— Клэр, но я пью за ваш успех, — произнёс Андрей. — Такая женщина, как вы, должна его иметь. За ваш «Кадиллак»!
Клэр засмеялась.
— Я очень хочу жить, — вдруг сказала она опять с грустью. — Но жить и иметь успех — это одно и то же. Я ухожу, мои русские друзья. Мне надо ещё кое-что сделать. Вы даёте мне эту книгу, Михаил?
— Конечно, Клэр, конечно.
И Клэр ушла, упорхнула; захлопнулась дверь.
— Пойдём, отвезу тебя в бар, посидим, — сказал Михаил, собираясь. — В моей берлоге слишком темно.
В баре было спокойно. Тихо звучал телевизор. Двое у стойки уставились в него.
Другой как будто бы дремал, неподвижно глядя в рюмку с виски.
— Сплошное небытие, — махнул рукой Михаил. — Сядем за столиком, в стороне.
Когда уселись, Андрей сразу взял быка за рога.
— Миша, ну что ты думаешь, как мне пробиться?
— Смотря куда и в каком смысле, Андрей. Даже не знаю, что тебе посоветовать.
— До сих пор мне так ничего и не удалось. Но ты же знаешь, что настоящий талант — от вечности. Рукописи не горят.
Михаил усмехнулся.
— Тогда не надо было уезжать.

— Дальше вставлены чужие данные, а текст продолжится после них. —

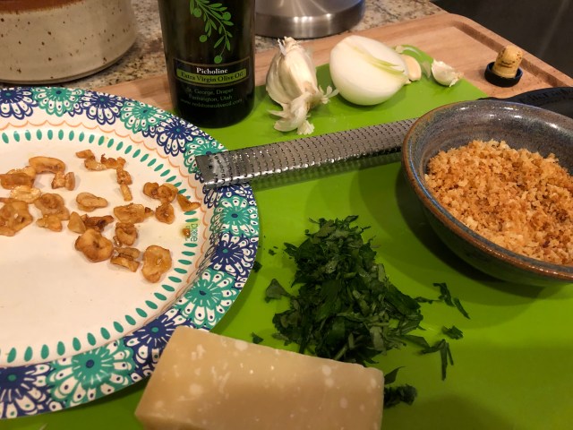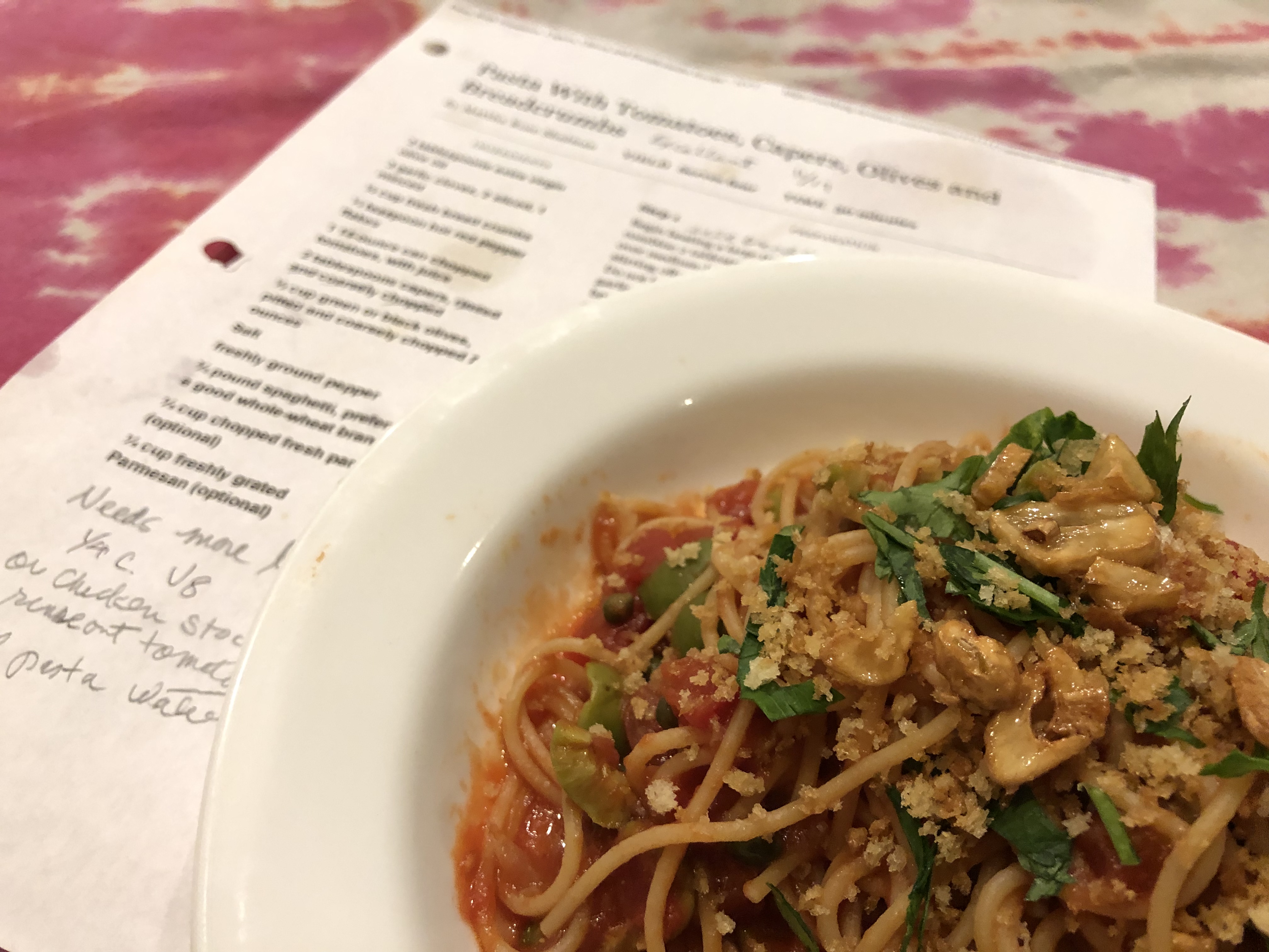 After toasting some garlic slices and breadcrumbs along with chopping up some parsley I set those aside for the finished dish. In the time that it takes John to bring the water to a boil and cook the pasta, I make the sauce. It is just a quick sauté of garlic, onions, and pepper flakes, then add the tomatoes, olives, and capers. Don’t add salt to the sauce! The capers and olives take care of the needed salt. I adjust the flavor with a pinch of sugar. Be sure to save a cup of pasta water to thin out the sauce before you toss the drained spaghetti into the sauce.
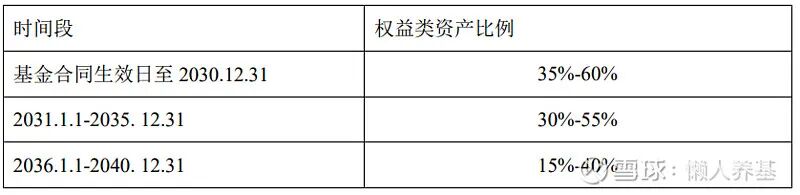 我们再来看嘉实养老2050混合(FOF),它在新修订的基金合同中明确了不同时段权益资产的投资比例如下。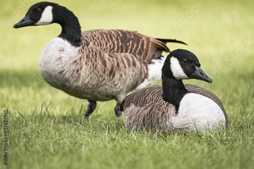 © Shorif Miah, Obraz premium Two Canada Geese Standing on Grass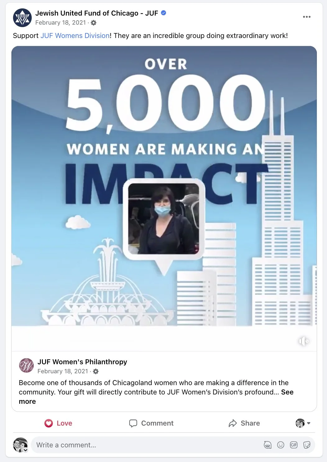 The JUF Women’s Philanthropy (previously Women’s Division) is an organization within the Jewish United Fund whose members are from around Chicago and the greater Chicago area. This group of dedicated women make a tremendous impact within the community and support causes not limited to women’s issues. The goal of this assignment was to spread the word and recruit new members for Women’s Philanthropy. To do this, we created a video using motion graphics to display the large number of women who are already making an impact from the city to the suburbs. We intertwined images of these women within a mixture of recognizable Chicago and suburban landmarks in a “paper pop up” carousel motion.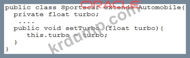 C. Sportscar 서브클래스는 슈퍼클래스 Automobile의 setTurbo 메서드를 재정의할 수 없습니다.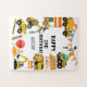 Ce design présente quatre camions de construction classiques de couleur jaune vif disposés ensemble sur un fond marron et noir. Il comprend d'autres éléments de construction comme des glissières de sécurité et des cônes de signalisation ainsi que des bandes de circulation noires et jaunes. Nous vous couvrons pour une fête sur le thème des camions de construction : fournitures, décorations, délicieux gâteaux et cadeaux personnalisés significatifs !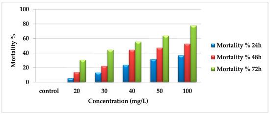 The insecticidal effect of EtF extract reflected that the percentage of mortality was directly proportioned with concentration and time. After 24 h, mortality was 36.8%, 31.58%, 23.7%, 13.16%, and 5.3% for concentrations 100, 50, 40, 30, and 20 mg/L, respectively compared with zero percent in the control. There was a gradual increase in mortality after 48 h (52.78%, 47.22%, 44.44%, 22.22%, and 13.9%) for previously mentioned concentrations, respectively. In addition, after 72 h, the mortality percentage reached the maximum, especially with the higher concentrations (100, 50, and 40 mg/L) as 77.78%, 63.9%, and 55.56% and 44.44% and 30.56% with 30 and 20 mg/L as presented in Figure 2.
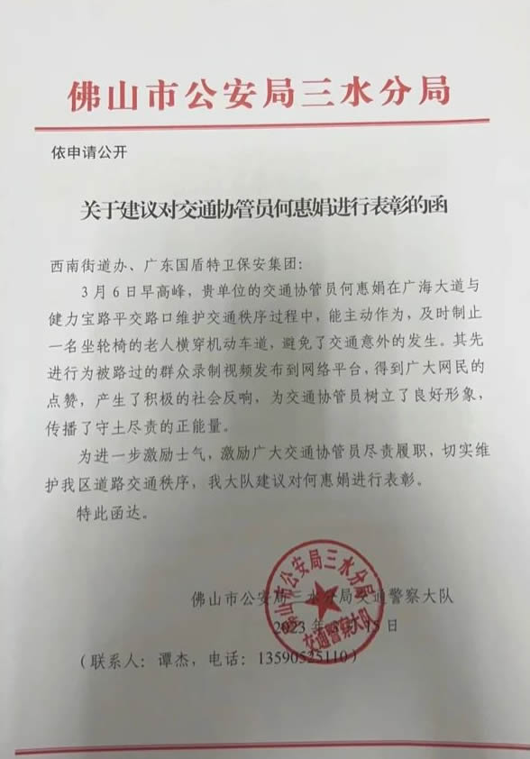 3月6日早高峰時段,在三水城區廣海大道與健力寶平交路口,發生驚險一幕:一名坐著電動輪椅的老人正準備過馬路,卻絲毫沒有留意對面的綠燈已轉紅燈,緩緩地向著不斷有車輛駛過的人行道行進……關鍵時刻,我司派駐的一名交通協管員一個箭步沖上去,快速扶上并剎住了老人家的電動輪椅,及時化險為夷。這一幕被路人的行車記錄儀記錄下來,并以《你沖過去的樣子真帥!10086個點贊》為題在網上發表了帖子,產生了積極的社會反響,獲廣大網友跟帖點贊!

Хотя нам и было плохо там. Но плохо в социальном смысле, а не в духовном. Плохо, ну и пускай.
— Мы многого не знали. Хотелось, чтобы дело рук наших увидело свет при нашей жизни. Но теперь всё отрезано.
— Ну и ладно — отрезано и отрезано, нечего об этом говорить. Может быть, нам по судьбе надо было познать мир. Увидеть, какой он есть, лицом к лицу. Ведь там наши русские горе-интеллигенты ничего, ну абсолютно ничего об этом не знают.
— Ну, не все.
— Не все. Но даже эти «не все» только смутно предощущают то, что мы здесь узнали точно уже через месяц после приезда. Достаточно было только месяца или чуть больше, потому что за нами опустился непроницаемый занавес — и нет возврата, и ты один, — и тогда только познаётся настоящая, а не бутафорская реальность. Это, разумеется, не туристическая поездка и не командировка.
— Ну, хорошо. Ты здесь уже долго. Каков тут социальный механизм, как он работает?